= Exercise =
In the data below, set down exactly the lines from the one containing "Koperta bezpieczna OFFICE" up to and including the one containing "五老山内に入山すると座る場所". Leave the pictures out.

= Given records =
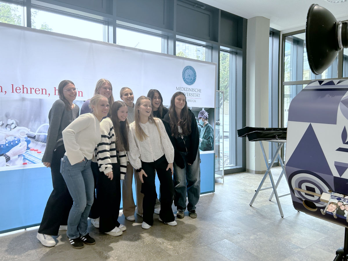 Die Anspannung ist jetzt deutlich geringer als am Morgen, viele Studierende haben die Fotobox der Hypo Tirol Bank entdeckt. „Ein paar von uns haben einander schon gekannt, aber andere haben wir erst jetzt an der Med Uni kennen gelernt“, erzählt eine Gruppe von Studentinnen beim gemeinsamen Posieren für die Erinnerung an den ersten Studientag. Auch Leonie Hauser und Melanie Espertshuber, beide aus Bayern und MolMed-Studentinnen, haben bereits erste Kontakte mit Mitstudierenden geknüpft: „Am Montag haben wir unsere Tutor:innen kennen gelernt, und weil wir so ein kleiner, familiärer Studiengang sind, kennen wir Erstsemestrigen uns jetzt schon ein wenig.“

==

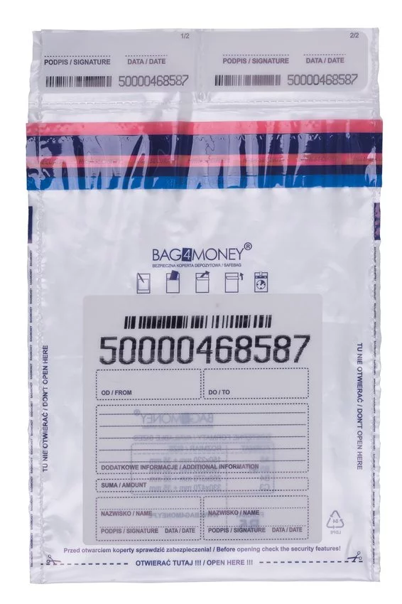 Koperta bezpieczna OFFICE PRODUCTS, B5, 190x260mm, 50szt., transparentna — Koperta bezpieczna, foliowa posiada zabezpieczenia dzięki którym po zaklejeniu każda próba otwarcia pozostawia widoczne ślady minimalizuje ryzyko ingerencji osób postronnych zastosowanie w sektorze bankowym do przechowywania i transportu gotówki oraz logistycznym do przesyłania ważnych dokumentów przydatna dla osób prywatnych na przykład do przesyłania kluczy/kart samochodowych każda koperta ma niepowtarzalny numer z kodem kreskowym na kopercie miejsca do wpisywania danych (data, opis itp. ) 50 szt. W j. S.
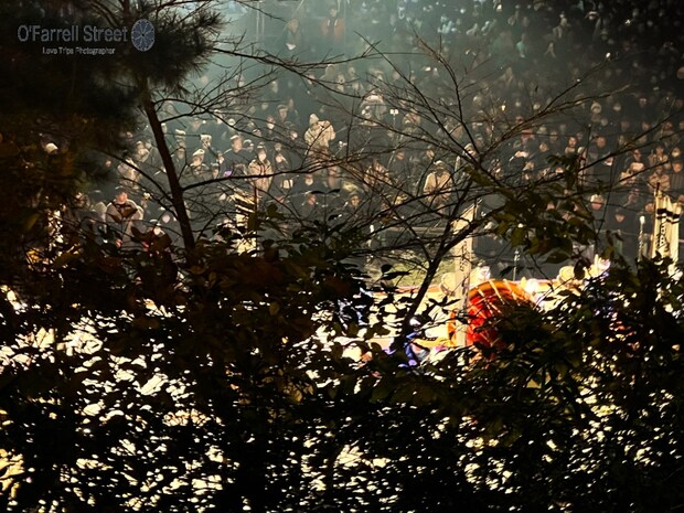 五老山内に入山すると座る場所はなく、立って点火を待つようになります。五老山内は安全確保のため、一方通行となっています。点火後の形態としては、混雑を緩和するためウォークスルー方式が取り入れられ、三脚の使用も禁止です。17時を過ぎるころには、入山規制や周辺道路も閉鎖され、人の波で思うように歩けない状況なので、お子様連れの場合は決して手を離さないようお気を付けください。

--

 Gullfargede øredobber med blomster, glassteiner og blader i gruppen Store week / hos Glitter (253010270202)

= Solution to this task =
 Koperta bezpieczna OFFICE PRODUCTS, B5, 190x260mm, 50szt., transparentna — Koperta bezpieczna, foliowa posiada zabezpieczenia dzięki którym po zaklejeniu każda próba otwarcia pozostawia widoczne ślady minimalizuje ryzyko ingerencji osób postronnych zastosowanie w sektorze bankowym do przechowywania i transportu gotówki oraz logistycznym do przesyłania ważnych dokumentów przydatna dla osób prywatnych na przykład do przesyłania kluczy/kart samochodowych każda koperta ma niepowtarzalny numer z kodem kreskowym na kopercie miejsca do wpisywania danych (data, opis itp. ) 50 szt. W j. S.
 五老山内に入山すると座る場所はなく、立って点火を待つようになります。五老山内は安全確保のため、一方通行となっています。点火後の形態としては、混雑を緩和するためウォークスルー方式が取り入れられ、三脚の使用も禁止です。17時を過ぎるころには、入山規制や周辺道路も閉鎖され、人の波で思うように歩けない状況なので、お子様連れの場合は決して手を離さないようお気を付けください。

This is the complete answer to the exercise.